WORK INSTRUCTION => If a record below holds a picture, drop the picture and copy everything else exactly.
RECORDS SUPPLIED below:
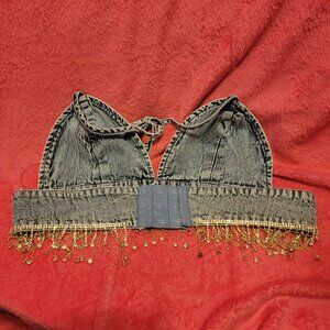 3 pc set - Jean Halter Top - Jean Shorts - White Top - Totally BLINGED OUT! SM
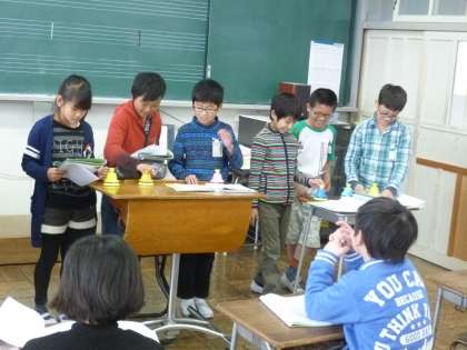ミュージックベルを使って演奏しました。「エーデルワイス」や「もののけ姫」など、即席グループでの発表でした。自分の音が割り振られてから、ほんのわずかな時間でこのような演奏をやってのけました。
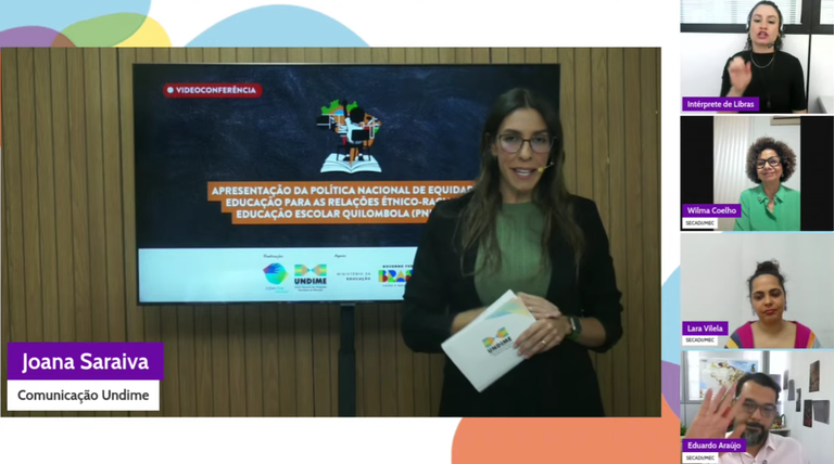 A Undime, em parceria com o Ministério da Educação (MEC), realizou videoconferência para apresentar a Política Nacional de Equidade, Educação para as Relações Étnico-Raciais e Educação Escolar Quilombola (Pneerq). O encontro on-line aconteceu nesta terça-feira (17) e foi transmitido pelo Conviva Educação e pelo canal do MEC no YouTube.
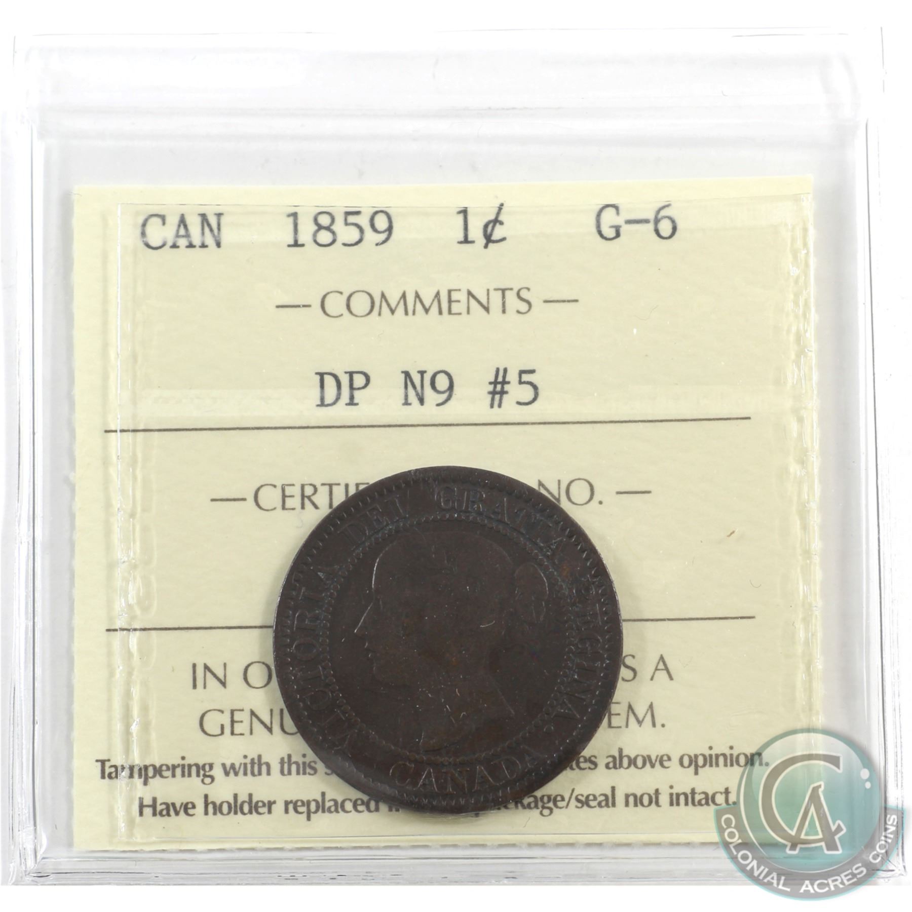 1-cent 1859 DP N9#5 ICCS Certified G-6
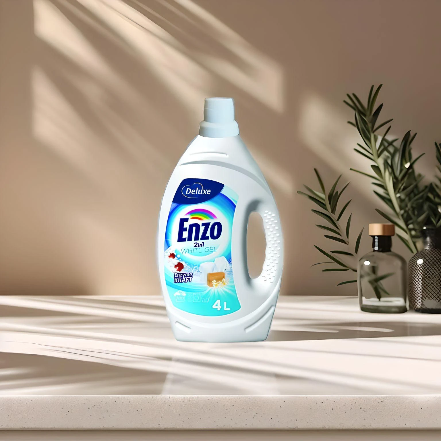 Deluxe Enzo White to pewność, że białe tkaniny pozostaną jasne, czyste i zadbane nawet po wielu praniach. Wysoka skuteczność i wyjątkowa wydajność sprawiają, że jest to idealny wybór do codziennego użytku.
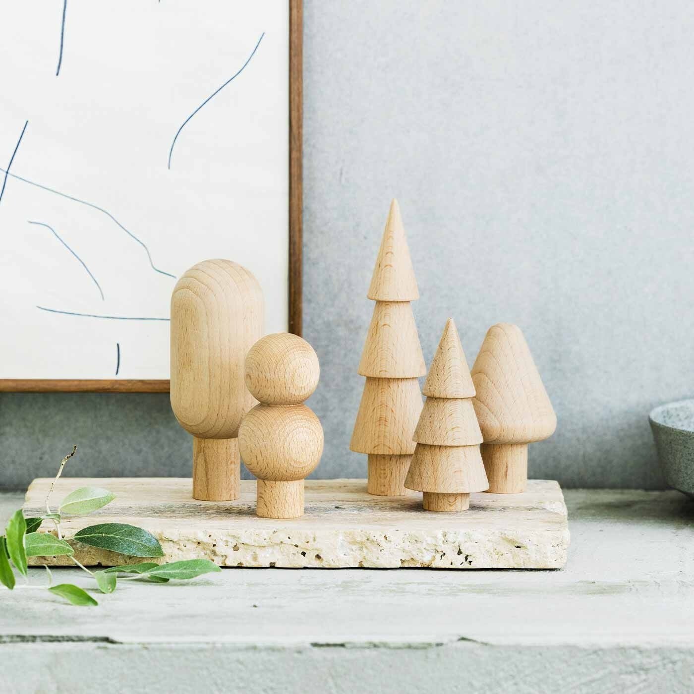欧州向けの子ども用おもちゃなども手掛ける職人さんが、1本の木材から削り出し製作した、ブナ材のオブジェです。集合させたときに愛らしいバランスが完成するよう、あえて高さやサイズにバリエーションを持たせています。お好みで色を塗ってアレンジしたり、無塗装面にアロマオイルを垂らしたりして楽しめます。
End of RECORDS SUPPLIED.
OUTPUT BELOW =>
 3 pc set - Jean Halter Top - Jean Shorts - White Top - Totally BLINGED OUT! SM
ミュージックベルを使って演奏しました。「エーデルワイス」や「もののけ姫」など、即席グループでの発表でした。自分の音が割り振られてから、ほんのわずかな時間でこのような演奏をやってのけました。
 A Undime, em parceria com o Ministério da Educação (MEC), realizou videoconferência para apresentar a Política Nacional de Equidade, Educação para as Relações Étnico-Raciais e Educação Escolar Quilombola (Pneerq). O encontro on-line aconteceu nesta terça-feira (17) e foi transmitido pelo Conviva Educação e pelo canal do MEC no YouTube.
 1-cent 1859 DP N9#5 ICCS Certified G-6
 Deluxe Enzo White to pewność, że białe tkaniny pozostaną jasne, czyste i zadbane nawet po wielu praniach. Wysoka skuteczność i wyjątkowa wydajność sprawiają, że jest to idealny wybór do codziennego użytku.
欧州向けの子ども用おもちゃなども手掛ける職人さんが、1本の木材から削り出し製作した、ブナ材のオブジェです。集合させたときに愛らしいバランスが完成するよう、あえて高さやサイズにバリエーションを持たせています。お好みで色を塗ってアレンジしたり、無塗装面にアロマオイルを垂らしたりして楽しめます。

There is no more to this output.